Some will say: "I think the Solution 1 is better, because the Zen of Python said Readability Count, the Solution 1 is very easy to understand at the first glance, you know what it's doing at the very begnning. "
Some will say: "I think the Solution 2 is better, because it always one step to get the answer."
Well, that's close, let's do the step by step analysis to compare this two solution:
Solution 1:
Let's say the $n$ is $5$:
- Step 1: initialized
result = 0
- Step 2: Start the loop from
i = 1
, thenresult = 1 + 0 = 1
- Step 2: In the Loop: now
i = 2
, execute:result = 1 + 2 = 3
- Step 3: In the Loop: now
i = 3
, execute:result = 3 + 3 = 6
- Step 4: In the Loop: now
i = 4
, execute:result = 6 + 4 = 10
- Step 5: In the Loop: now
i = 5
, execute:result = 10 + 5 = 15
- Step 6: return the
result
value.
Solution 2:
Let's say the $n$ is $5$:
- Step 1: return the value: $\frac{5 \times (5 + 1)}{2} = 15$
Ok, in the first solution, the Steps will grows when the $n$ grows, let's say the $n$ is millions, then the function need to execuate millions time to get the answer. In contrast, no matter how big is the $n$, in the second solution, there will be always one time execuation to get the answers, so no matter in a slower computer, or a super fast computer, Solution 2 will be always faster than the Solution 1
Above analysis it just qualitative, what science need is precise, so what's the quantitative analysis for it to precisely identify and analyse the algorithm?
Introducing the Big-O Notation
When trying to characterize an algorithm’s efficiency in terms of execution time, independent of any particular program or computer, it is important to quantify the number of operations or steps that the algorithm will require. If each of these steps is considered to be a basic unit of computation, then the execution time for an algorithm can be expressed as the number of steps required to solve the problem.

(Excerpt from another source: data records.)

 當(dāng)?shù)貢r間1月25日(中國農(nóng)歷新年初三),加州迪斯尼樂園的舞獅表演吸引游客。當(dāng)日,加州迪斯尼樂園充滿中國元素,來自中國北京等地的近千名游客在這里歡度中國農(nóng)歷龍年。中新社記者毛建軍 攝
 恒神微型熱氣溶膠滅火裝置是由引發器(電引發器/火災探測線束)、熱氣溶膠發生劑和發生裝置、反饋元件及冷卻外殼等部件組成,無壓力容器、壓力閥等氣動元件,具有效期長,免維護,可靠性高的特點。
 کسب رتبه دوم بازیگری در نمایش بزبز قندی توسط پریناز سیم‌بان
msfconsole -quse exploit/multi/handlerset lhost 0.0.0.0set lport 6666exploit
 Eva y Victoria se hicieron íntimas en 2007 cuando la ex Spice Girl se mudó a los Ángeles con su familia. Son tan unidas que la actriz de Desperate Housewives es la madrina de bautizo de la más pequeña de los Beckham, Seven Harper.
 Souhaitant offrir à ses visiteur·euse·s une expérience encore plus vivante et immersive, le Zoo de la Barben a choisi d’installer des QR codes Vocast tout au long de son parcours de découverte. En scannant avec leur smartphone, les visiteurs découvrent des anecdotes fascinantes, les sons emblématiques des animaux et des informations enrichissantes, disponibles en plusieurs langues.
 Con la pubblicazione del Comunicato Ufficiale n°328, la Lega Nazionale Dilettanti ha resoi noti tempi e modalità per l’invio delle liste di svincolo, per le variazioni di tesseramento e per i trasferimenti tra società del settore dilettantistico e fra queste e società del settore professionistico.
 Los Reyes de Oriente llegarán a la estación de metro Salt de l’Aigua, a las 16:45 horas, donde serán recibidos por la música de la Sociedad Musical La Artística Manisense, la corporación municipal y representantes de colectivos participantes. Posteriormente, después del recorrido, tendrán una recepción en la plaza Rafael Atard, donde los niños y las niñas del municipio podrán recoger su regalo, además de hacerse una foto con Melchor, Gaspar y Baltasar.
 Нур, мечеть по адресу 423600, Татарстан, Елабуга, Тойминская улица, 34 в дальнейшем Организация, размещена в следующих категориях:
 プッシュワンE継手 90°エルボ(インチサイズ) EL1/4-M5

Deciding on an appropriate basic unit of computation can be a complicated problem and will depend on how the algorithm is implemented.
In the summation functions given above, it makes sense to use the number of terms in the summation to denote the size of the problem. We can then say that the sum of the first 100,000 integers is a bigger instance of the summation problem than the sum of the first 1,000. Because of this, it might seem reasonable that the time required to solve the larger case would be greater than for the smaller case. Our goal then is to show how the algorithm’s execution time changes with respect to the size of the problem.
Computer scientists prefer to take this analysis technique one step further. It turns out that the exact number of operations is not as important as determining the most dominant part of the $T(n)$ function. In other words, as the problem gets larger, some portion of the $T(n)$ function tends to overpower the rest. This dominant term is what, in the end, is used for comparison. The Order of Magnitude function describes the part of $T(n)$ that increases the fastest as the value of $n$ increases. Order of magnitude is often called Big-O Notation(for Order) and written as $O(f(n))$. It provides a useful approximation to the actual number of steps in the computation. The function $f(n)$ rovides a simple representation of the dominant part of the original $T(n)$.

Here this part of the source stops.